Baseball players who win coveted awards and sign breathtaking contracts often disappoint fans, managers, and owners. These disappointments might be explained by regression toward the mean, which occurs when real phenomena are measured imperfectly, causing extreme measurements to exaggerate differences among the underlying phenomena. The degree of exaggeration depends on the correlation between the measurements and the real phenomena. In baseball, the correlation between performance and skill is far from perfect and, as a consequence, observed performance differences substantially overstate skill differences. Players who do exceptionally well in any particular season typically do not do as well the subsequent season–they regress toward the mean. We can improve our forecasts by adjusting our predictions accordingly.

2. REGRESSION TOWARD THE MEAN

Galton (1886) observed regression toward the mean in his seminal study of the relationship between the heights of parents and their adult children. Because heights are affected by diet, exercise, and other environmental factors, observed heights are an imperfect measure of the genetic influences that we inherit from our parents and pass on to our children. A person who is 78 inches tall may have been pulled above a somewhat shorter genetically predicted height by positive environmental influences or may have been pulled below a somewhat taller genetic height by negative environmental factors. The former is more likely because there are many more people with genetically predicted heights below 78 inches than with genetic heights above 78 inches. Thus the observed heights of unusually tall parents usually overstate the genetic heights that they pass on to their children.

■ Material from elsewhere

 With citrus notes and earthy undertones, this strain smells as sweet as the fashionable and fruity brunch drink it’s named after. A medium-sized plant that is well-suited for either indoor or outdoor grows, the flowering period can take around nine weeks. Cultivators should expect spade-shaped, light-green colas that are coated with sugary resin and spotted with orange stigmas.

Regression toward the mean can be seen in sports, where observed performance is an imperfect measure of skill. Of the last twenty major league baseball champions from 1979 through 1998, only two repeated the following year. Of those major league baseball teams that win more than 100 games in a season, 90% do not do as well the next season (James 1981). Outcomes depend on luck as well as skill, and those teams that do unusually well are more likely to have experienced good luck than bad. Few teams are so far superior to their opponents that they can win a championship in an off year. Thus the performance of most champions exaggerates their skill and, because good luck cannot be counted on repeatedly, most champions regress to the mean.

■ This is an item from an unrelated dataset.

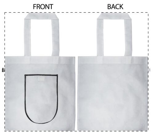 Borsa per la spesa pieghevole in tessuto non tessuto RPET con chiusura in velcro. Personalizzazione in sublimazione su tutta la superficie ed etichetta RPET. MOQ: 25 pezzi.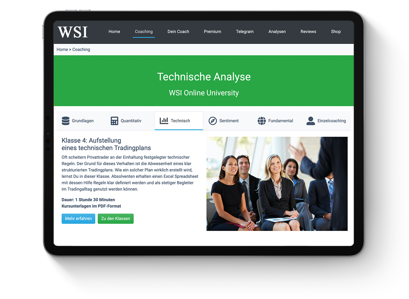 Oft scheitern Privattrader an der Einhaltung festgelegter technischer Regeln. Der Grund für dieses Verhalten ist die Abwesenheit eines klar strukturierten Tradingplans. Wie ein solcher Plan wirklich erstellt wird, lernst Du in dieser Klasse. Absolventen erhalten einen Excel Spreadsheet mit dessen Hilfe Regeln klar definiert werden und als stetiger Begleiter im Tradingalltag genutzt werden können.

The same is true of individual players. In 1989, Sports Illustrated reported that of those baseball players who hit more than 20 home runs in the first half of the season, 90% hit fewer than 20 during the second half. The writer concluded that there was a "second-half power outage" (Gammons 1989, p. 68). The regression-toward-the-mean explanation is that their skills did not deteriorate, but rather that their unusually good performances during the first half exaggerated their skills. Regression toward the mean can also explain such cliches as the Cy Young jinx, sophomore slump, rookie-of-the-year jinx, and Sports Illustrated cover jinx. Baseball players have good and bad years, and it would be extraordinary for a player to be the best in the league while having a bad year by his own standards. Most players who do much better than their peers are also performing better than their own career averages.

Tables 1 and 2 show the players who had the ten best batting averages (BAs) and earned-run averages (ERAs) in 1998 among those players who had at least 50 at bats or 25 innings pitched in 1997, 1998, and 1999. The mean batting average was approximately 30 points lower in the adjacent seasons than in the top-10 season; the mean earned run average was roughly 1 run higher. Thirteen of these twenty players had worse records in both 1997 and 1999 than in 1998.

More generally, Figures 1 and 2 compare the 1998 and 1999 BAs and ERAs of all major league players who had at least 50 at bats or 25 innings pitched in each of these years. (These figures also show the locally weighted scatter plot smoothing (LOWESS) lines with a bandwidth of 0.5. Ramsey regression specification error tests for second-, third-, or fourth-order terms have p values of 0.305 for batting averages and 0.172 for earned run averages.)

These graphs have two striking characteristics. First, although the relationships are highly statistically significant, the correlations are modest. For the 381 batters, the two-sided p value is 95.3 x 10—13 and the correlation coefficient is 0.36; for the 300 pitchers, the two-sided p value is 0.00000004 and the correlation coefficient is 0.31. Although the 1998 performances are statistically helpful in predicting 1999 performance, the predictions are far from perfect.

Second, the slopes of the least-squares lines are less than 1, indicating that performance regresses to the mean. Because the least-squares line goes through the average values of both variables, the 0.378 slope for batters means that a player whose BA was 0.050 above (or below) the 1998 mean is predicted to have a 1999 batting average that is only 0.019 from the 1999 mean. The 0.340 slope for pitchers implies that a player whose ERA was 1.000 from the 1998 mean ERA is predicted to have a 1999 ERA that is only 0.340 from the 1998 mean.

For another suggestive indicator of regression toward the mean, we looked at all major league players since 1901 who had at least 50 at bats or 25 innings pitched in two consecutive seasons. Of 4026 players who had BAs of .300 or higher in any season, 3210 (79.7%) did worse the following season. Of 3849 players who had ERAs of 3.00 or lower in any season, 3077 (79.9%) did worse the following season. Clearly, baseball players regress toward the mean. To formalize these observations, we use the following model.

3. A MODEL

Let Y be a statistical measure of a player’s performance (batting average for batters, earned run average for pitchers). In order to compare players from different seasons, we standardize performance by taking the difference between the player’s performance in any given season and the mean performance for all players that season, and dividing this difference by the standard deviation of performance across players that season. Thus Ted Williams’ .406 batting average in 1941 was a standardized batting average of Z = 3.14; that is, 3.14 standard deviations above the mean that year. Sandy Koufax’s 1.73 earned run average in 1966 was standardized to be Z = –1.93, or 1.93 standard deviations lower than the mean ERA that year.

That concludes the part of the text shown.